The documentary Between the Folds looks at the art and the science of origami. Our blog has had an entry on the mathematics of origami previously; here is the chance for an extended look. The film debuts on PBS in December 2009. There apparently are also free screenings at various locations around the US. A description from PBS’s website:
Think origami is just paper planes and cranes? Meet a determined group of theoretical scientists and fine artists who have abandoned careers and scoffed at graduate degrees to forge new lives as modern-day paper folders. Together they reinterpret the world in paper, creating a wild mix of sensibilities towards art, science, creativity and meaning.
The film has won numerous accolades at various film festivals; check out the webpage for the production company.
Appearing in National Geographic‘s “Big Idea” section, this article details some cool and surprising modern uses of the ancient art of origami, or paper folding. Mathematicians have recently been studying origami using geometric ideas and, as physicist Robert G. Lang is quoted, “It’s now mathematically proven that you can pretty much fold anything.” Some of the designs include folding mirrors and lenses for satellite use, arterial stents for medical use, and at least one common everyday use:
When engineers working on the design of car air bags asked Lang to figure out the best way to fold one into a dashboard, he saw that his algorithm for paper insects would do the trick. “It was an unexpected solution,” he says.
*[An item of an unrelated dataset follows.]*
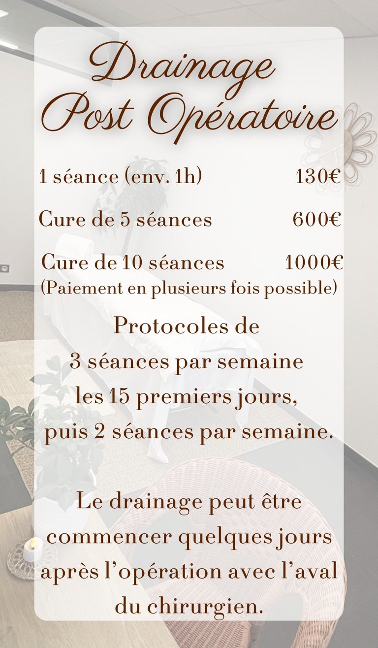 Le drainage pré & post opératoire aide le corps à récupérer plus rapidement et à réduire les inconforts liés à l’intervention.

This segment from National Public Radio examines the intricate geometric designs that often cover historic buildings in the Islamic world. When Peter Lu, a graduate student at Harvard University, first saw one of them he was reminded of ‘quasicrystal’ patterns he’d encountered in his classes. While it’s doubtful that the creators of the ancient designs knew anything about quasicrystals, it’s equally surprising that their designs–created over 500 years ago–echo these structures that were only identified fairly recently.
For a nice picture of a quasicrystal in another context, also see What Is This? A Psychedelic Place Mat? from Discover magazine here.
This article in Slate describes the efforts of mathematicians to detect and combat gerrymandering. (Gerrymandering is a political trick whereby a political party in power restructures the voting districts in such a way that the party is extremely likely to remain in power.) The problem turns out to be pretty difficult, even from the mathematical standpoint of just figuring out what an “unnatural looking” district looks like.
This article from Science News describes the work of Mike O’Leary, a mathematician at Towson University, in Maryland. O’Leary is developing a mathematical model that attempts to take information about a particular crime, information about crimes committed in that locale, and geographical information, to come up with likely locations where the crime’s perpetrator might live.